**Data below**
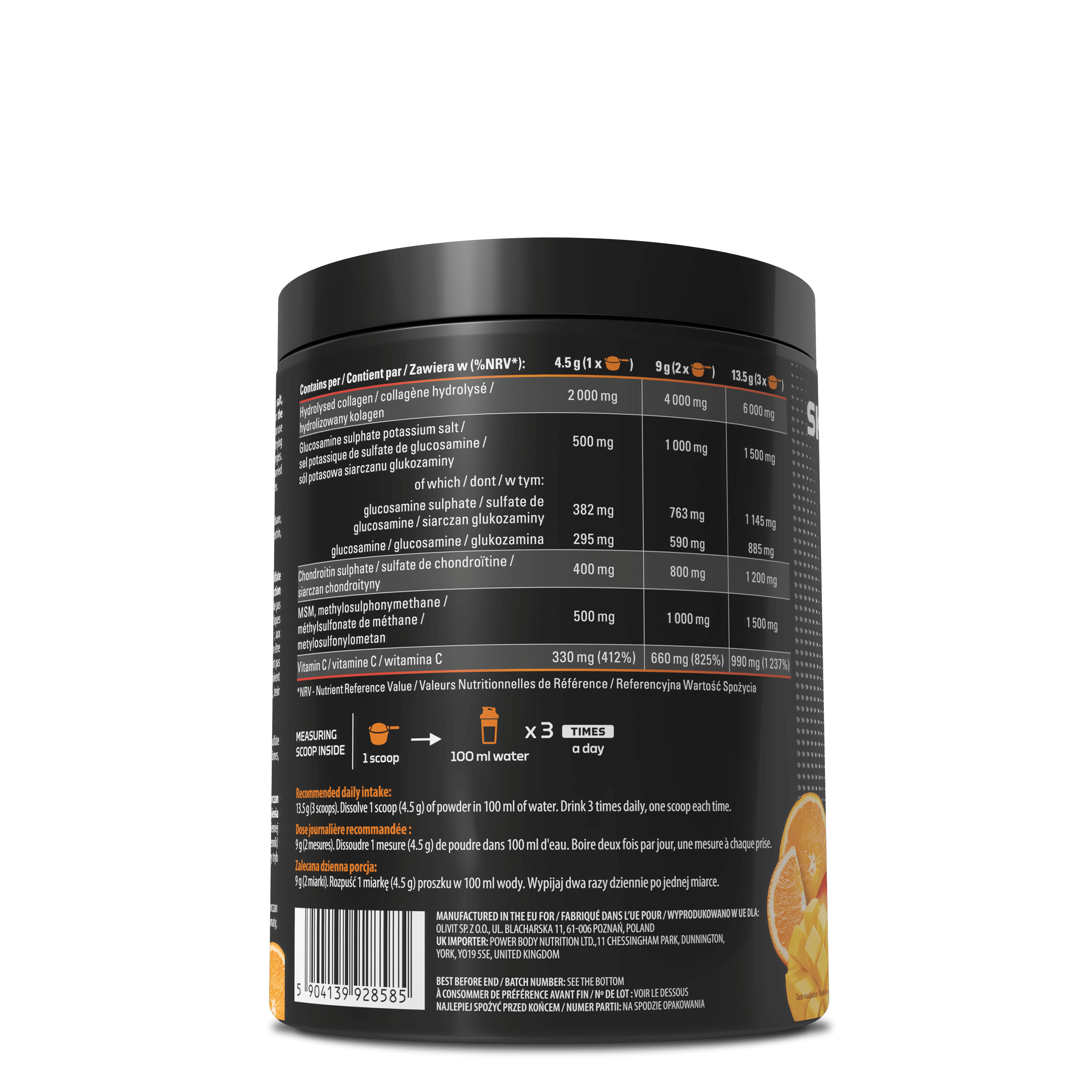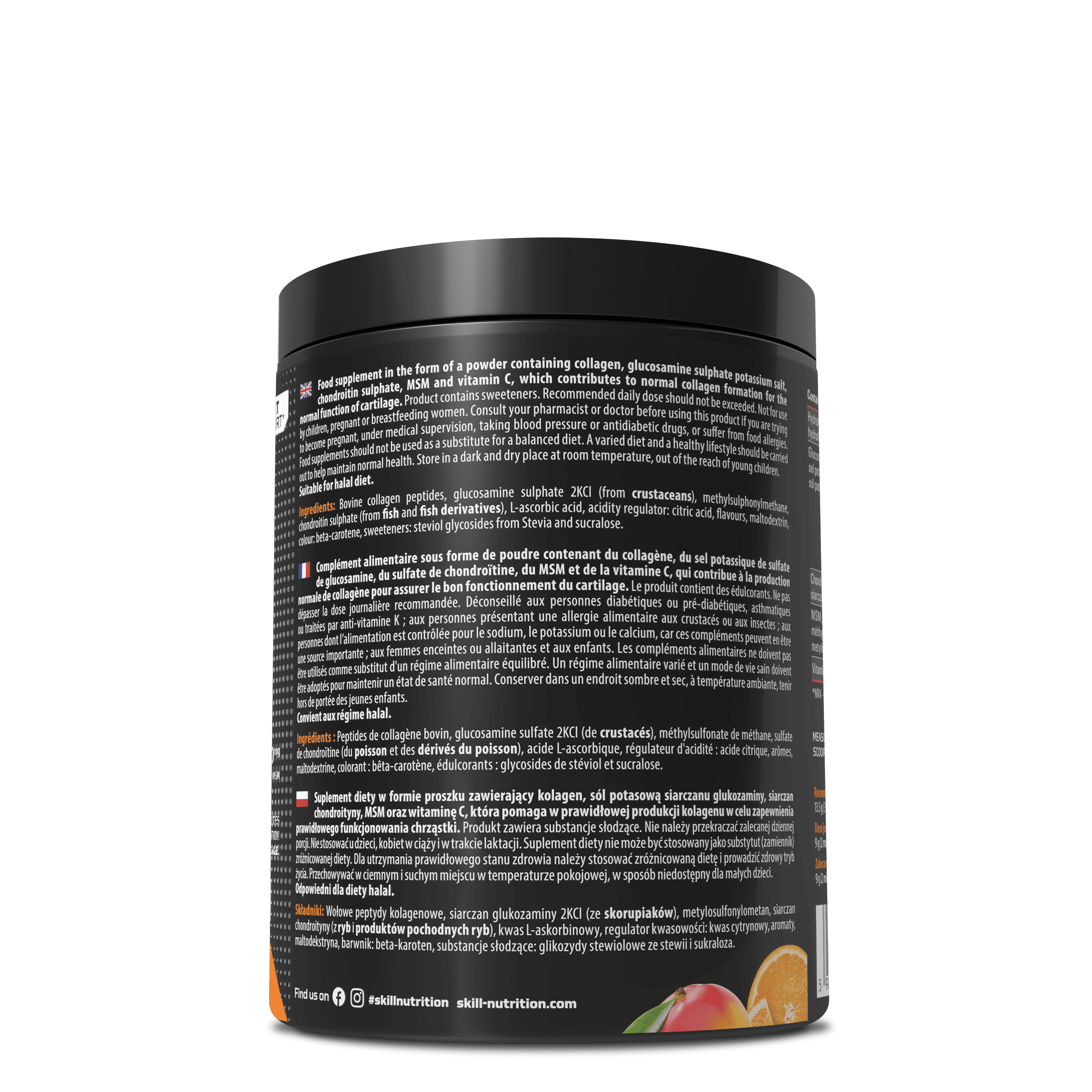 Complément alimentaire sous forme de poudre contenant du collagène, du sel potassique de sulfate de glucosamine, du sulfate de chondroïtine, du MSM et de la vitamine C, qui contribue à la production normale de collagène pour assurer le bon fonctionnement du cartilage. Le produit contient des édulcorants. Ne pas dépasser la dose journalière recommandée. Déconseillé aux personnes diabétiques ou pré-diabétiques, asthmatiques ou traitées par anti-vitamine K ; aux personnes présentant une allergie alimentaire aux crustacés ou aux insectes ; aux personnes dont l’alimentation est contrôlée pour le sodium, le potassium ou le calcium, car ces compléments peuvent en être une source importante ; aux femmes enceintes ou allaitantes et aux enfants. Les compléments alimentaires ne doivent pas être utilisés comme substitut d'un régime alimentaire équilibré. Un régime alimentaire varié et un mode de vie sain doivent être adoptés pour maintenir un état de santé normal. Conserver dans un endroit sombre et sec, à température ambiante, tenir hors de portée des jeunes enfants.
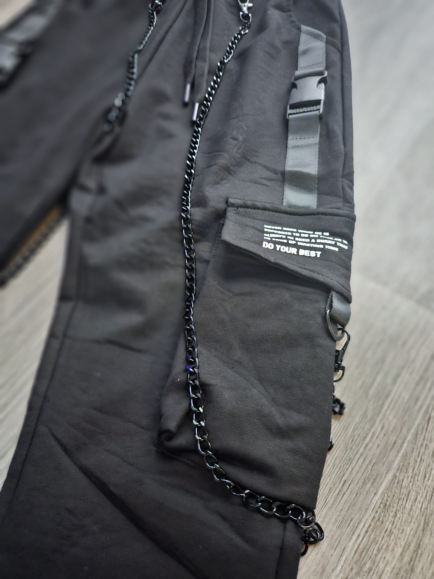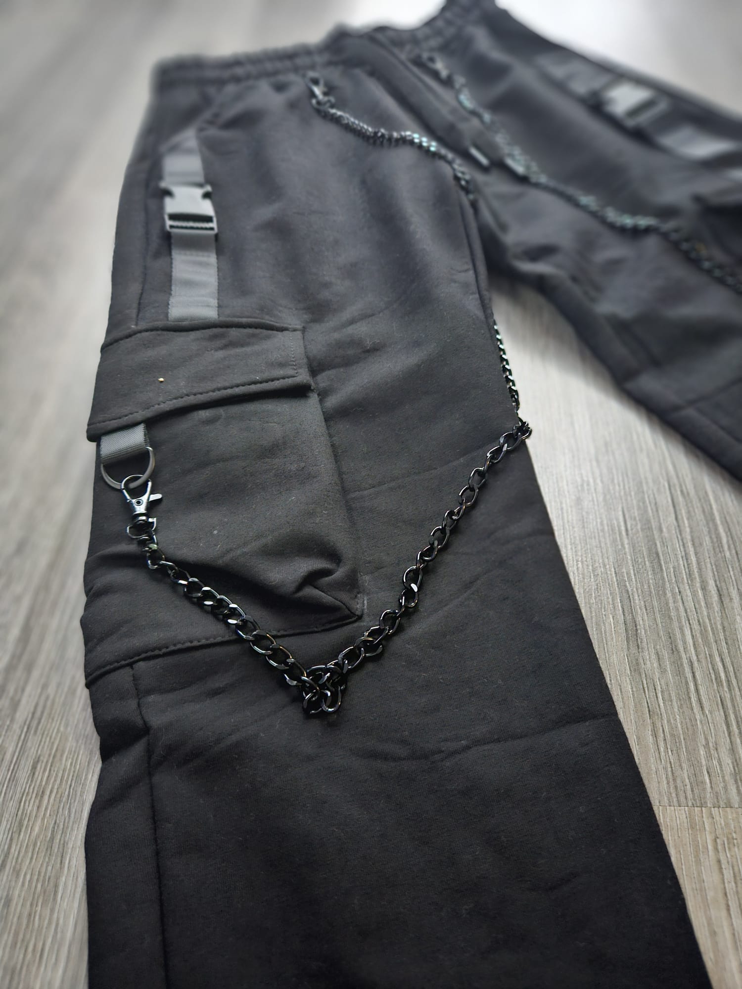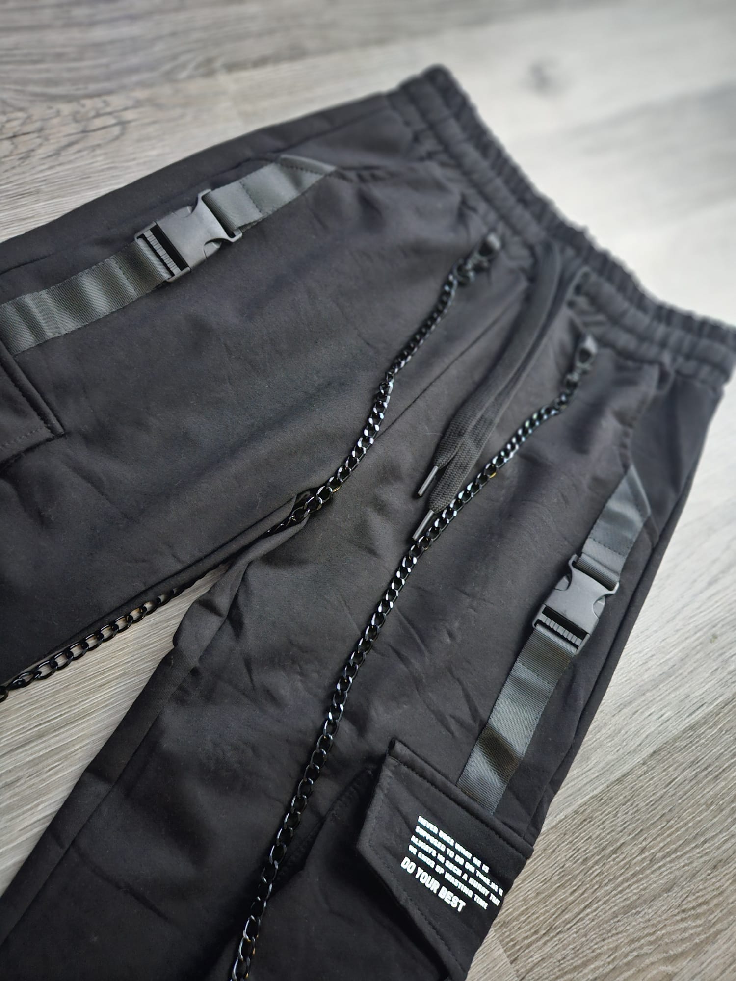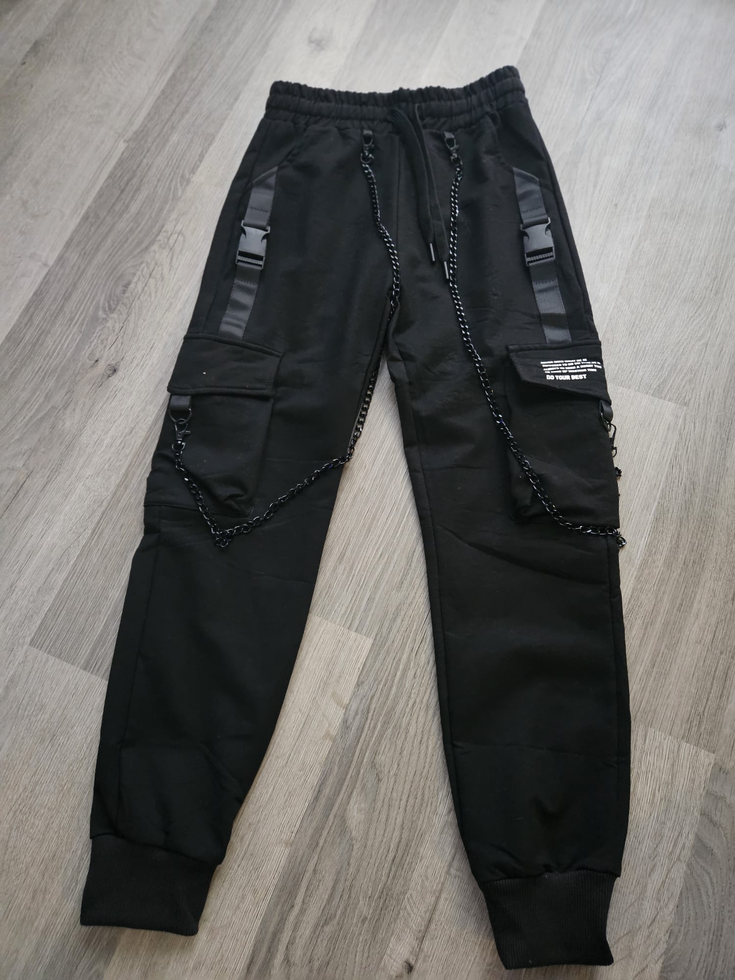 Czarne spodnie z kieszeniami i gumką w pasie mają dopięte z przodu łańcuszki, które można zdjąć. Komfortowe, praktyczne i stylowe
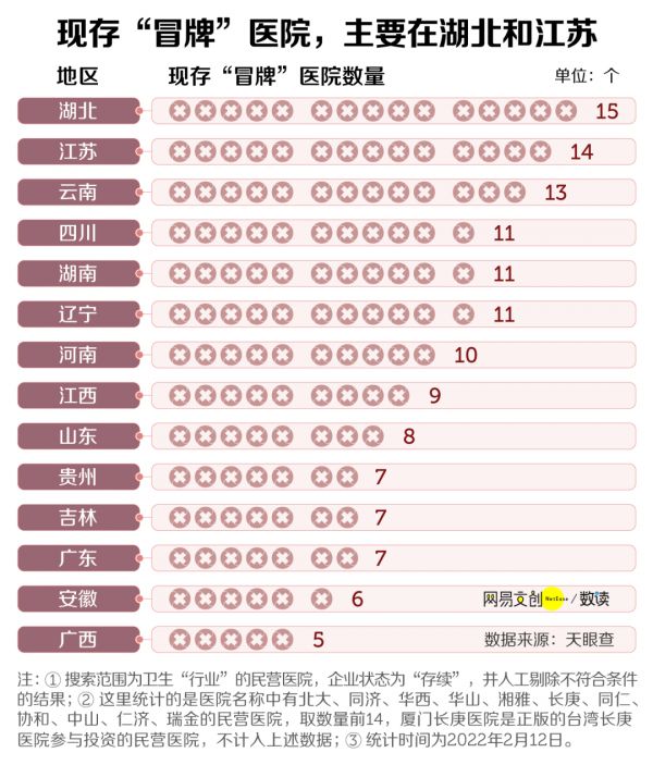 从地域来看,现存的冒牌医院主要分布在湖北、江苏和云南。
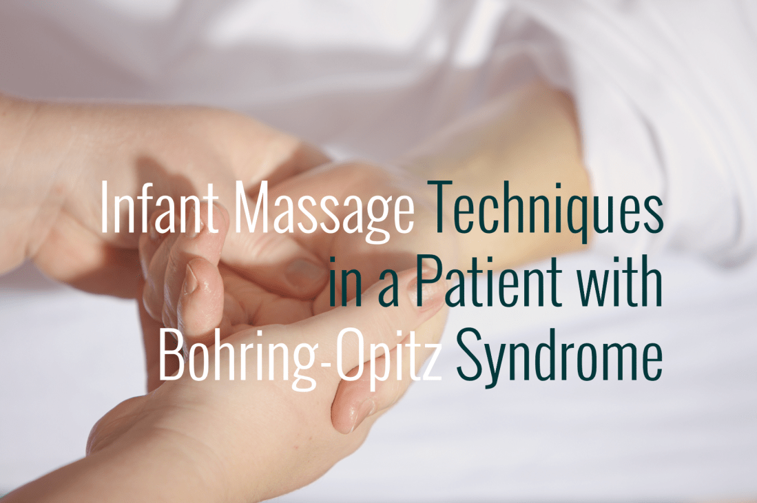 The boy, born after 32 weeks of pregnancy, exhibited typical characteristics of Bohring-Opitz Syndrome: chronic respiratory problems and infections, nutritional problems, epilepsy and prolonged sedation wean. The doctors gave infant massage about 15 minutes a week on hands and feet, with the aim of lowering the heart rate. A reduced heart rate was measured after all massage sessions. The massage, given over a period of 3 months, decreased non-purposeful body movements, increased tactile orientation as well as improved nutritional intolerance and resulted in a timely discharge from the hospital.

**Your assignment**
Where a picture appears in the listing above, skip it and set down all the rest exactly.

**Response area**
 Complément alimentaire sous forme de poudre contenant du collagène, du sel potassique de sulfate de glucosamine, du sulfate de chondroïtine, du MSM et de la vitamine C, qui contribue à la production normale de collagène pour assurer le bon fonctionnement du cartilage. Le produit contient des édulcorants. Ne pas dépasser la dose journalière recommandée. Déconseillé aux personnes diabétiques ou pré-diabétiques, asthmatiques ou traitées par anti-vitamine K ; aux personnes présentant une allergie alimentaire aux crustacés ou aux insectes ; aux personnes dont l’alimentation est contrôlée pour le sodium, le potassium ou le calcium, car ces compléments peuvent en être une source importante ; aux femmes enceintes ou allaitantes et aux enfants. Les compléments alimentaires ne doivent pas être utilisés comme substitut d'un régime alimentaire équilibré. Un régime alimentaire varié et un mode de vie sain doivent être adoptés pour maintenir un état de santé normal. Conserver dans un endroit sombre et sec, à température ambiante, tenir hors de portée des jeunes enfants.
 Czarne spodnie z kieszeniami i gumką w pasie mają dopięte z przodu łańcuszki, które można zdjąć. Komfortowe, praktyczne i stylowe
 从地域来看,现存的冒牌医院主要分布在湖北、江苏和云南。
 The boy, born after 32 weeks of pregnancy, exhibited typical characteristics of Bohring-Opitz Syndrome: chronic respiratory problems and infections, nutritional problems, epilepsy and prolonged sedation wean. The doctors gave infant massage about 15 minutes a week on hands and feet, with the aim of lowering the heart rate. A reduced heart rate was measured after all massage sessions. The massage, given over a period of 3 months, decreased non-purposeful body movements, increased tactile orientation as well as improved nutritional intolerance and resulted in a timely discharge from the hospital.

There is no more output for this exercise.